Material shown
━━━━━━

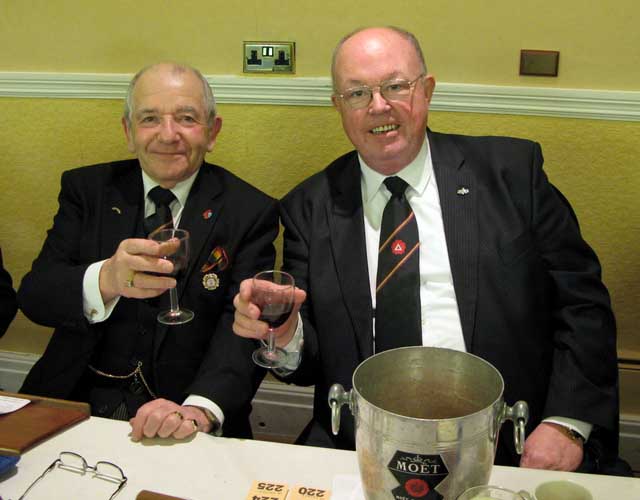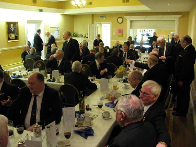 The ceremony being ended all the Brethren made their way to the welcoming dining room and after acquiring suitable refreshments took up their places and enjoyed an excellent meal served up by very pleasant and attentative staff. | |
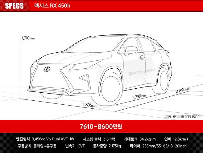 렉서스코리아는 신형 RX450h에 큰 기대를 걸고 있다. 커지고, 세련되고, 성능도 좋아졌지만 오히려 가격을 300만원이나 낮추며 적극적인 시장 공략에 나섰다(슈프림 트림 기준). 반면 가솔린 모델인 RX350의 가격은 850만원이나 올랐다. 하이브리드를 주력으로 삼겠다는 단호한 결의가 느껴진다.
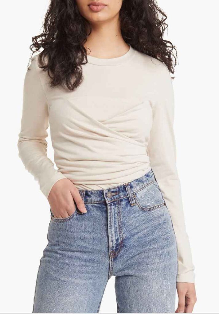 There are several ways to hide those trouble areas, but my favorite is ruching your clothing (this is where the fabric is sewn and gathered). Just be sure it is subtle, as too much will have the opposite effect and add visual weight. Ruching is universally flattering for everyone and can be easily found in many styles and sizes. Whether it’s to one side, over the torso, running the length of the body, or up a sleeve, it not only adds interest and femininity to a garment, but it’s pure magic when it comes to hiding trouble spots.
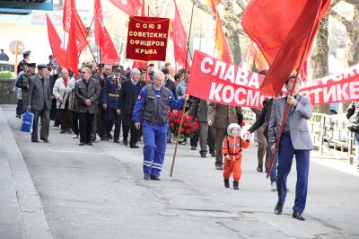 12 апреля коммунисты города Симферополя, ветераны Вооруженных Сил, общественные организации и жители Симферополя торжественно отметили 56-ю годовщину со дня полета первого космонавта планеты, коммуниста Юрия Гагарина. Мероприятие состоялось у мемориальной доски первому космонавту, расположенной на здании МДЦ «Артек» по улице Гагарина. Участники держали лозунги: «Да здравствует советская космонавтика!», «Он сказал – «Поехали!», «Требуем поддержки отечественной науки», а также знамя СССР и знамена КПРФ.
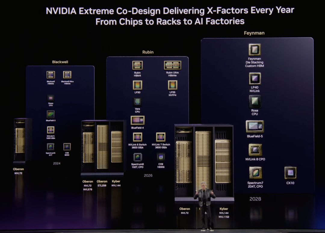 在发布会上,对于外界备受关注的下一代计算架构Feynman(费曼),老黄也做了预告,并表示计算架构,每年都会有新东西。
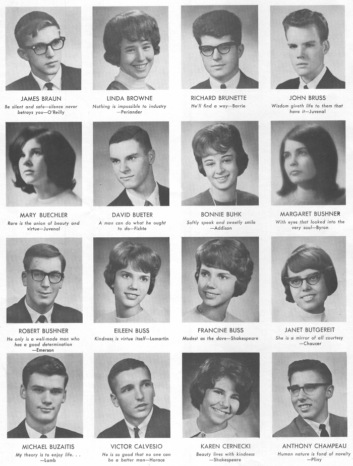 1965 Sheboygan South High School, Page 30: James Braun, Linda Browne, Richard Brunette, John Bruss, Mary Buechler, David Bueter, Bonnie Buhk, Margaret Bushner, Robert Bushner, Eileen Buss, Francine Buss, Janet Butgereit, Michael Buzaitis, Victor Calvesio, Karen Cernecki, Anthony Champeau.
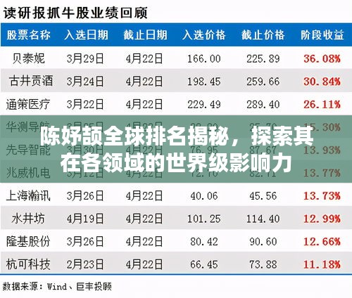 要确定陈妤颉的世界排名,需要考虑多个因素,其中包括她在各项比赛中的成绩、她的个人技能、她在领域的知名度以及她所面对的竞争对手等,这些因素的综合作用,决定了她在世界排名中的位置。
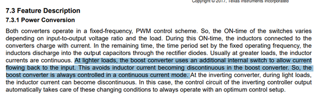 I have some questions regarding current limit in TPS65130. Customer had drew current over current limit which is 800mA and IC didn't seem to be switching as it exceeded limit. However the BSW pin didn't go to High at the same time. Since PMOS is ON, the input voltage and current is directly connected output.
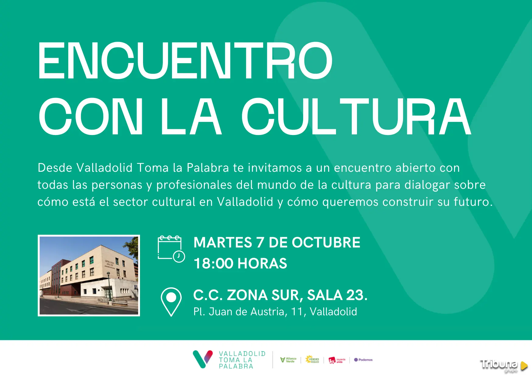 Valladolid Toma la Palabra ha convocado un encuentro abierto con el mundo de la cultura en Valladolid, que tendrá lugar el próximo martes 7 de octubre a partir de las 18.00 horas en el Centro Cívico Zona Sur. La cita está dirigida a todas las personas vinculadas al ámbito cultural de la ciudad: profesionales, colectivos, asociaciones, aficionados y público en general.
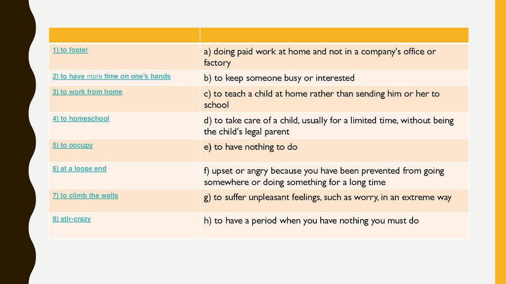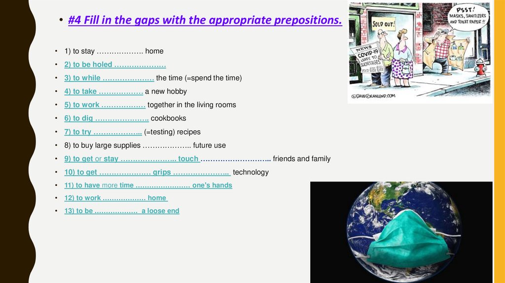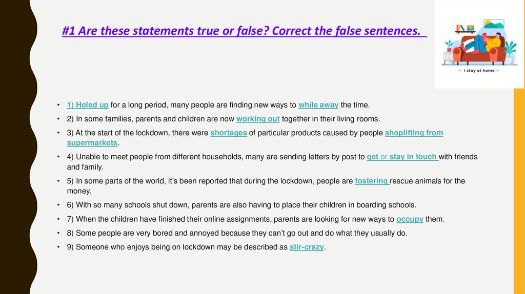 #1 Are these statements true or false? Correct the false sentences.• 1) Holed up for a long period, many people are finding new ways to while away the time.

━━━━━━

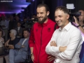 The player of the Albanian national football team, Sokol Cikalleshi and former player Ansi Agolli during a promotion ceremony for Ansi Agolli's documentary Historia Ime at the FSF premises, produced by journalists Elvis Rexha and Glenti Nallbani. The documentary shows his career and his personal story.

━━━━━━

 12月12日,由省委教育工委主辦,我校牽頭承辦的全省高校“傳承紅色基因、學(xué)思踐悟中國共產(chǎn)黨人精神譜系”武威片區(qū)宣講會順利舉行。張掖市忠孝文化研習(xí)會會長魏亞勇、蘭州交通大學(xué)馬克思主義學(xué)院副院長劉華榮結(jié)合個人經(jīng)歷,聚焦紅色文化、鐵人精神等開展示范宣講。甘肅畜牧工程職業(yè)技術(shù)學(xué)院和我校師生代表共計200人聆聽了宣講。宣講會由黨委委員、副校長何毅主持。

━━━━━━

What you are asked to do
Would you copy the lines above exactly, starting with the one that has "The ceremony being" and ending with the one that has "There are several", both included, without the pictures?

Response below
 The ceremony being ended all the Brethren made their way to the welcoming dining room and after acquiring suitable refreshments took up their places and enjoyed an excellent meal served up by very pleasant and attentative staff. | |
 렉서스코리아는 신형 RX450h에 큰 기대를 걸고 있다. 커지고, 세련되고, 성능도 좋아졌지만 오히려 가격을 300만원이나 낮추며 적극적인 시장 공략에 나섰다(슈프림 트림 기준). 반면 가솔린 모델인 RX350의 가격은 850만원이나 올랐다. 하이브리드를 주력으로 삼겠다는 단호한 결의가 느껴진다.
 There are several ways to hide those trouble areas, but my favorite is ruching your clothing (this is where the fabric is sewn and gathered). Just be sure it is subtle, as too much will have the opposite effect and add visual weight. Ruching is universally flattering for everyone and can be easily found in many styles and sizes. Whether it’s to one side, over the torso, running the length of the body, or up a sleeve, it not only adds interest and femininity to a garment, but it’s pure magic when it comes to hiding trouble spots.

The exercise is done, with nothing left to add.